Segment Open

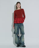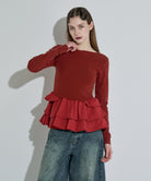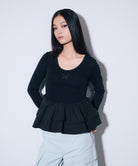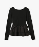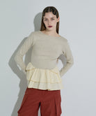 ペプラム切替のティアードフリルが華やかなロングスリーブトップス。ボディはカットソー、フリル部分はほどよくハリ感のある布帛を使用し、立体感をプラス。さらにウォッシュ加工を施すことで、ほんのりラフさが加わり甘すぎないバランスに仕上がっています。前後どちらを前にしても着られる2WAY仕様で、印象が大きく変わるので、シーンや気分にあわせてアレンジを楽しむことも。パンツにもスカートにも合わせやすくデイリーに取り入れやすいのに、特別感のあるデザインが魅力です。
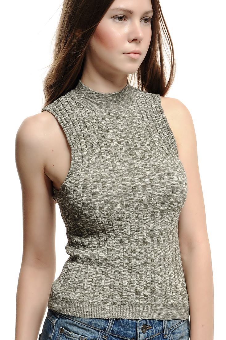 • Bayan Yeşil Kolsuz Triko Bluz
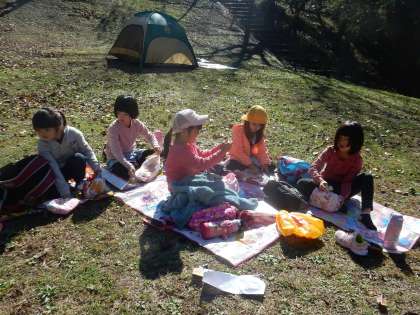 おいしいお弁当を食べた後は、思いっきりしばふをすべっては登り、すべっては登り、みんなとても楽しそうでした。だれかが空にむかって「楽しい!」と叫んでいました。
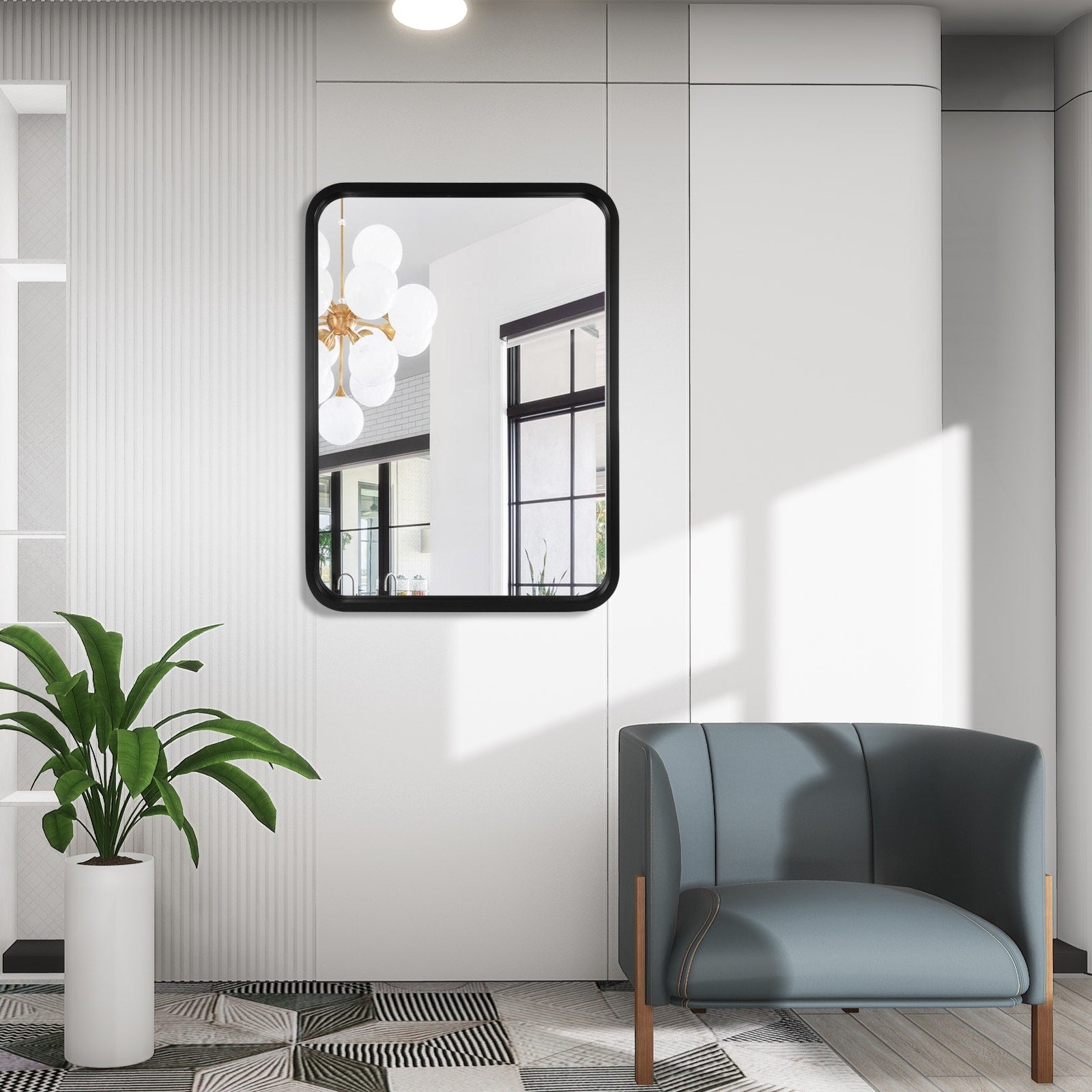 Round Corner Rectangle Farm Wall Mirror with Solid Wood Frame
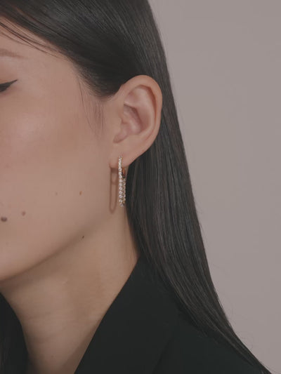 しなやかに流れる「Silk chain」が、耳もとで柔らかなカーブを描くフープピアス。
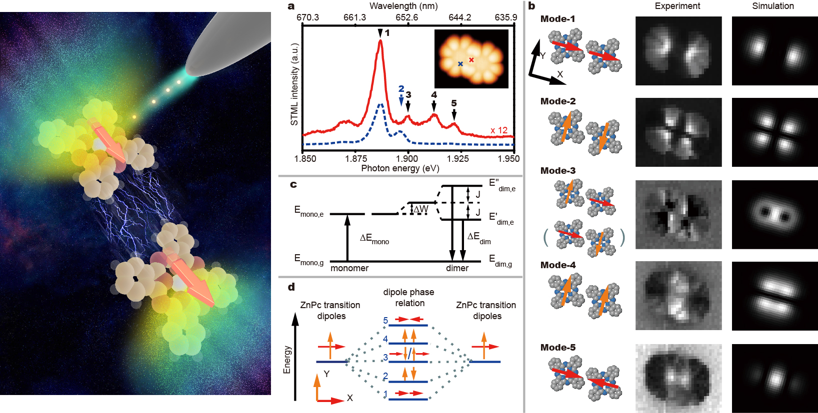 图注:左图为实验的艺术渲染图。右图为利用亚纳米分辨的光谱成像技术,对锌酞菁染料分子二聚体的各种偶极耦合方式的实空间成像表征。(艺术图由王国燕、孙大平提供。)
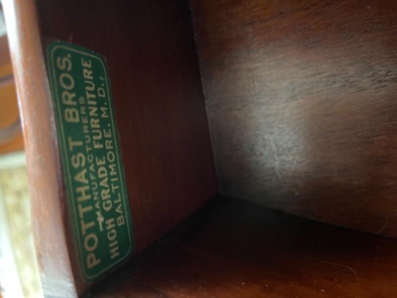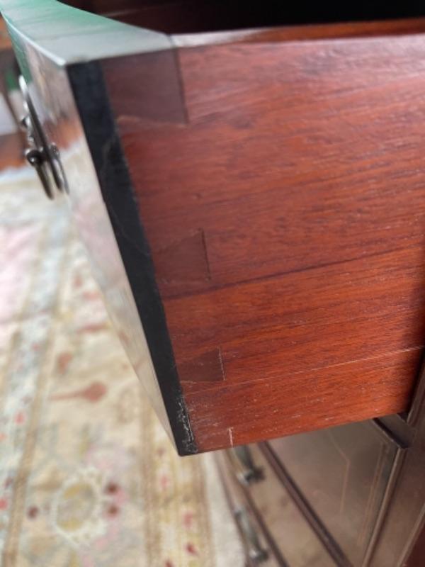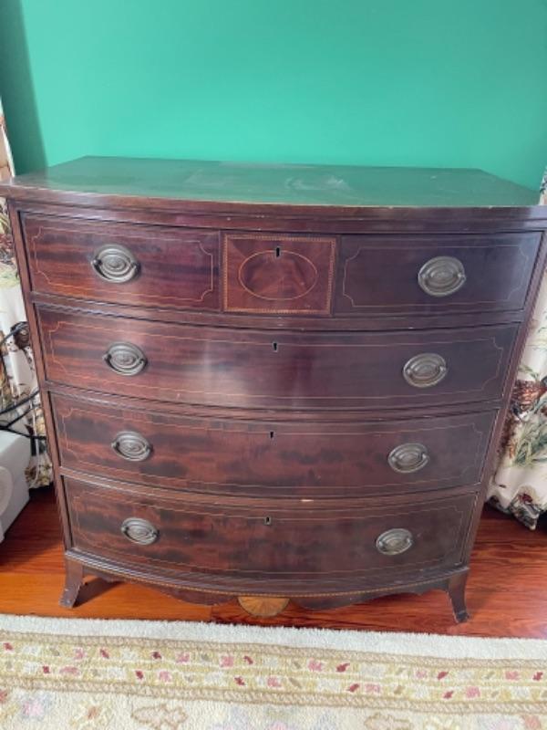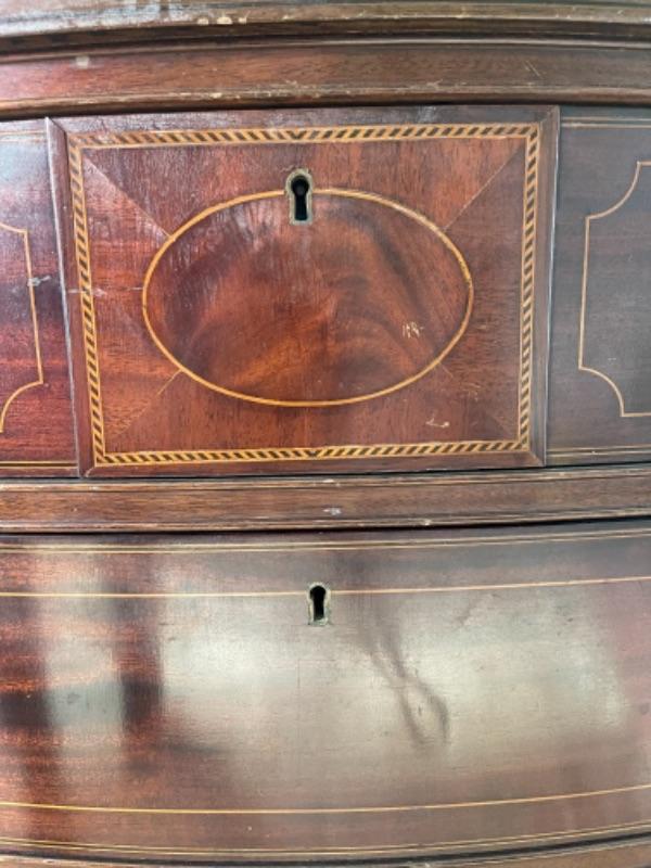 F343 Antique Mahogany Potthast Bow Front Veneer Inlay Dresser
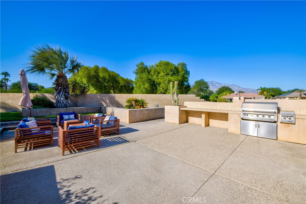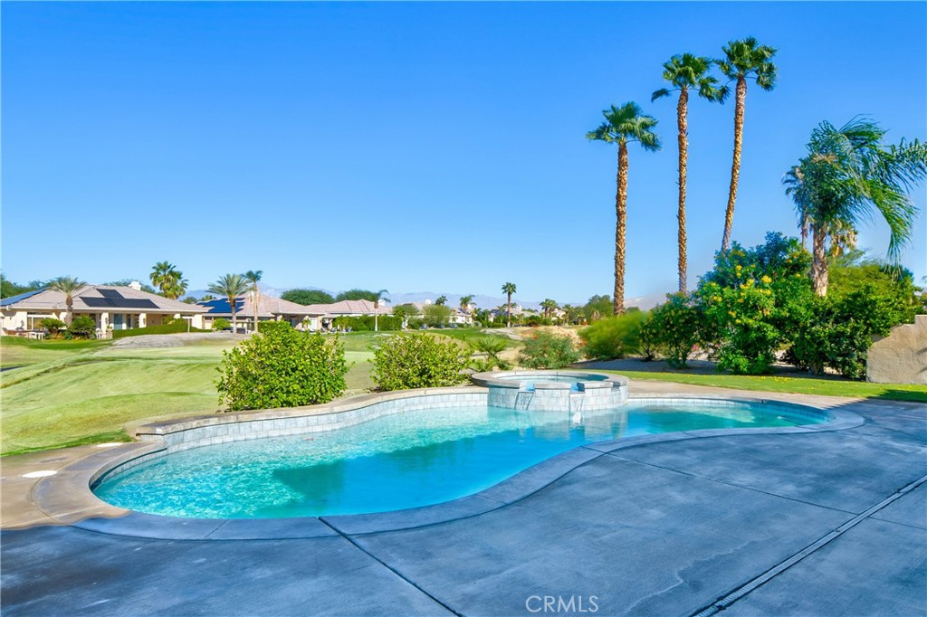 Welcome to 51 Vía Bella, an elegant desert retreat in the prestigious guard gated community of Mira Vista at Mission Hills. This beautiful single story home offers the perfect blend of comfort, sophistication, and resort style living. Spanning approximately 2,724 square feet on a generous 15,000 plus square foot lot, the residence features an open concept layout with soaring ceilings, abundant natural light, and seamless indoor outdoor flow. The spacious great room opens to a private backyard oasis complete with a sparkling pool and spa, built in BBQ, and lush landscaping, ideal for relaxing or entertaining under the desert sky. The chef’s kitchen is equipped with granite countertops, a center island, and ample cabinetry, flowing effortlessly into the dining and living areas. The luxurious primary suite includes patio access, a spa like bath, and dual walk in closets, while the guest suites offer comfort and privacy for family or visitors. With stunning mountain views, 24 hour security, and access to Mission Hills Country Club’s renowned golf, tennis, and social amenities, this Rancho Mirage gem embodies the best of desert living just minutes from world class dining, shopping, and entertainment.
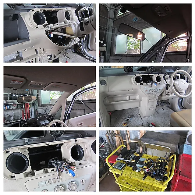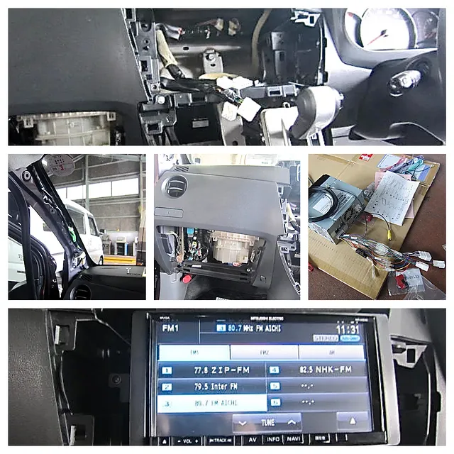 業者様からの依頼で「ナビ載せ替え」が発生。トヨタポルテからアイシスへの載せ替えです。ナビ以外にも様々なAV機器が付いており予想以上に時間がかかってしまいました。今日は一旦取り外しだけなので後日取り付けをします。
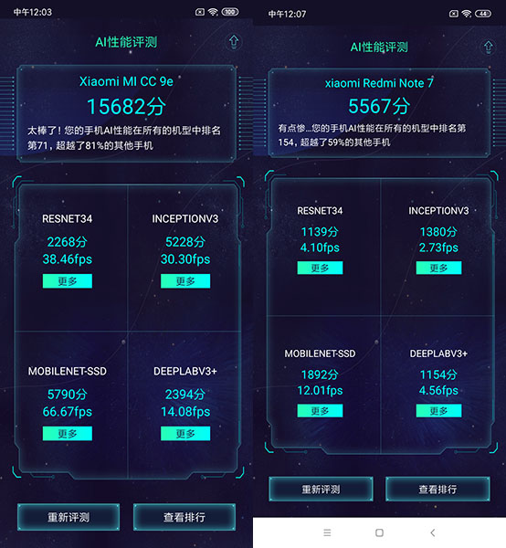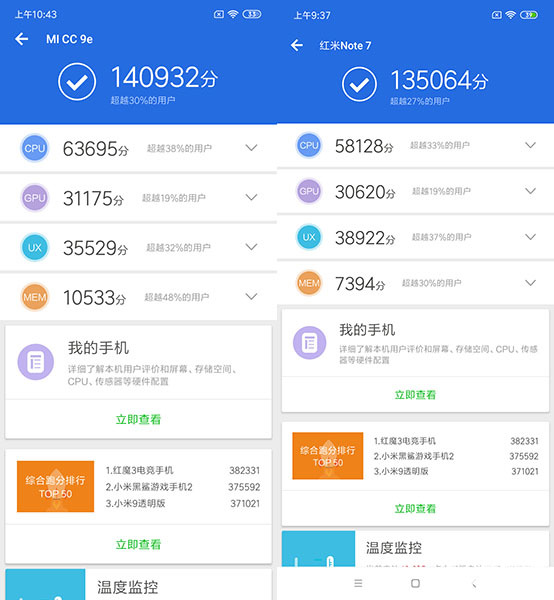 从跑分成绩来看,使用骁龙665的小米CC9e,跑分成绩比起使用骁龙660的红米Note 7并没有高出很多。从各单项的成绩对比来看,骁龙665的CPU成绩会更强一些,更先进的工艺技术还是有优势。图形性能上略有领先,但幅度并不明显。存储方面的高得分,更多的是由于UFS 2.1闪存的使用导致。

Segment Closed

* **TASK BRIEF**
The required output is the exact run of lines from the start of the records through the line containing "F343 Antique Mahogany", both ends included, with no pictures.

* **OUTPUT**
 ペプラム切替のティアードフリルが華やかなロングスリーブトップス。ボディはカットソー、フリル部分はほどよくハリ感のある布帛を使用し、立体感をプラス。さらにウォッシュ加工を施すことで、ほんのりラフさが加わり甘すぎないバランスに仕上がっています。前後どちらを前にしても着られる2WAY仕様で、印象が大きく変わるので、シーンや気分にあわせてアレンジを楽しむことも。パンツにもスカートにも合わせやすくデイリーに取り入れやすいのに、特別感のあるデザインが魅力です。
 • Bayan Yeşil Kolsuz Triko Bluz
 おいしいお弁当を食べた後は、思いっきりしばふをすべっては登り、すべっては登り、みんなとても楽しそうでした。だれかが空にむかって「楽しい!」と叫んでいました。
 Round Corner Rectangle Farm Wall Mirror with Solid Wood Frame
 しなやかに流れる「Silk chain」が、耳もとで柔らかなカーブを描くフープピアス。
 图注:左图为实验的艺术渲染图。右图为利用亚纳米分辨的光谱成像技术,对锌酞菁染料分子二聚体的各种偶极耦合方式的实空间成像表征。(艺术图由王国燕、孙大平提供。)
 F343 Antique Mahogany Potthast Bow Front Veneer Inlay Dresser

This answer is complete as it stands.